I remember a childhood full of painful surgeries and ear infections. I remember the pain all too well as if it only happened days ago.
The ear infections were severe. My ear drum often would rupture as a result. It always felt like my brain had exploding in my head, and leaking out my ear. Truthfully it looked like it too. It was like a strong stabbing pain that started in my inner ear and radiated throughout the rest of my head. Usually my ear would leak with nasty liquid the color of custard. Emergency room visits, ear drops, and cotton balls, had become a normal thing for me;however, the pain was one thing about it that I would never get used to.
The chronic infections caused tears and holes in both eardrums. Because of that I ended up having to go through a series of painful and costly surgeries to reconstruct them. Even after that some of the holes could never be fixed entirely. The damage was already done anyhow.
After the series of surgeries, the doctor finally declared that I had permanent partial deafness in both ears. That was ten years ago, but I still remember the disappointed look on my mother’s face.
After that my mom took on three part time jobs to pay for the medical expenses of all the ER visits, hospitalizations, doctor bills, and surgeries. Even now we are still in debt.

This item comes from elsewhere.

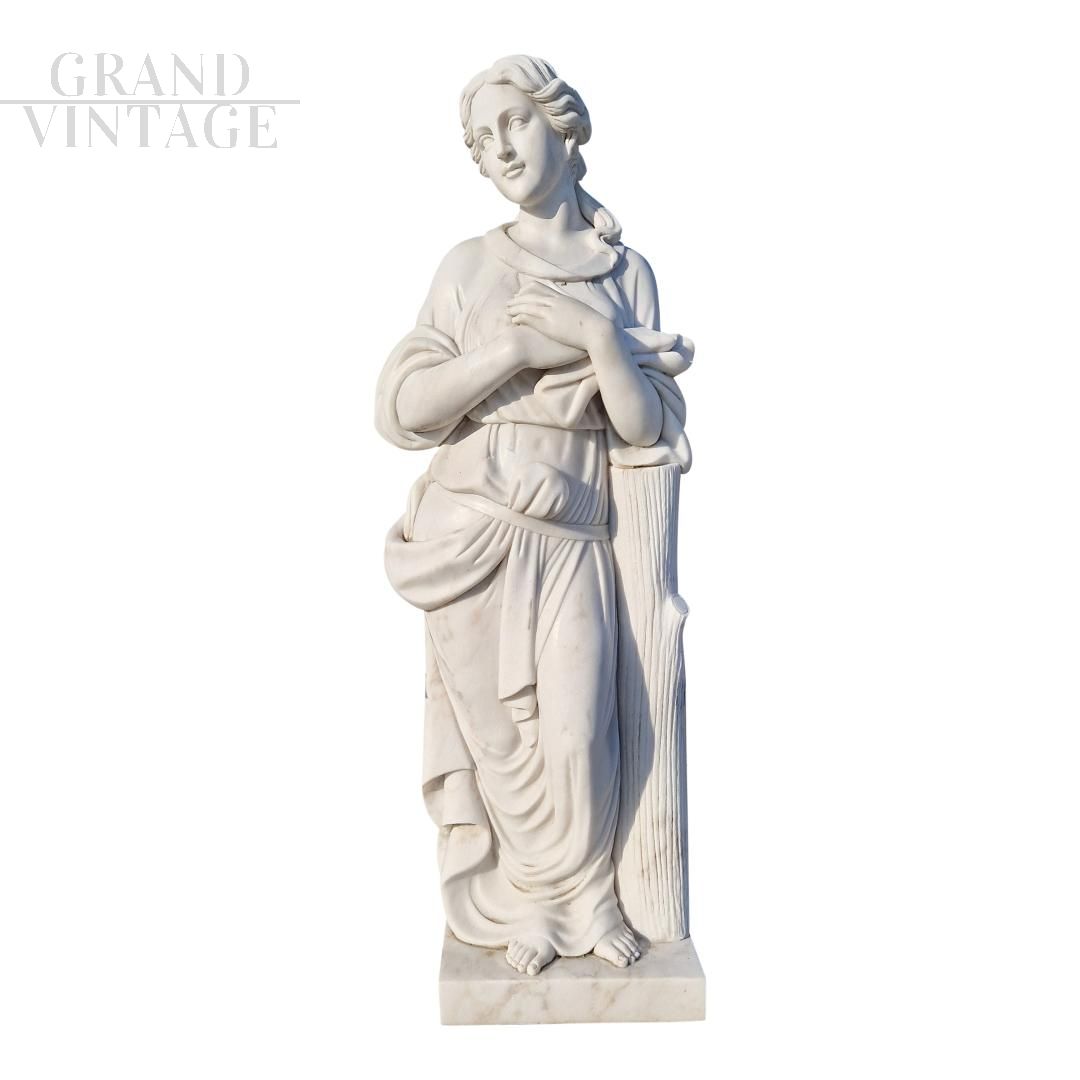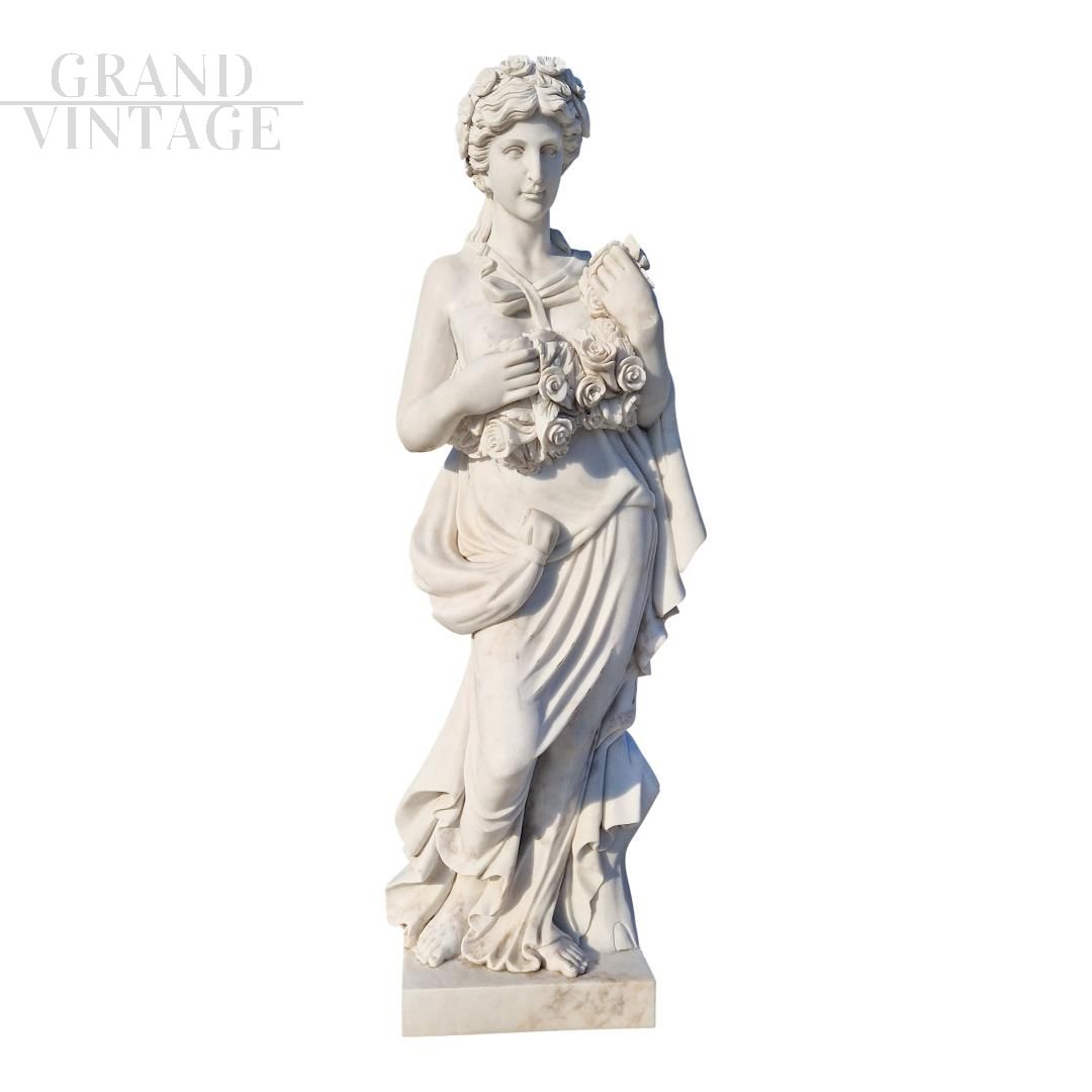 Gruppo di 4 statue pregiate in marmo bianco raffiguranti Le Quattro Stagioni rappresentate allegoricamente da figure femminili, adatte per decorare con eleganza un giardino. L'Estate è rappresentata con la spiga, la Primavera con le rose, l’Autunno con l’uva e l’Inverno riparata con la veste vellutata.

Honestly, I think my only salvation in school is Mr. T’s art class. It’s the one place where I feel no judgment- and can express myself fully. Art is beautiful, moving, and makes a statement without verbal words or sounds. Great art works tell stories that you understand with your eyes, not hear with your ears.
The whole period I spend time working on my current project. Mr. T has written on the board that he wants us to make an art piece that tells the story of our life. It can be a drawing, a painting, a sculpture, or whatever type of medium we chose, just as long as the point comes across.
The concept kind of stumps me a bit. The amount of crumbled up sketching paper on my desk is adding up, yet I don’t have one thing I’m satisfied with. Not one idea that feel more like ‘me’. It’s all too forced.
Who am I? What is my story? What is it that I have to tell? How can I express it?
I am so busy drawing and then scraping my own drawings that I don’t even notice that everyone has gone. Mr. T has to come over and tap me on the shoulder. He informs me that the bell signifying the end of the school day has rang.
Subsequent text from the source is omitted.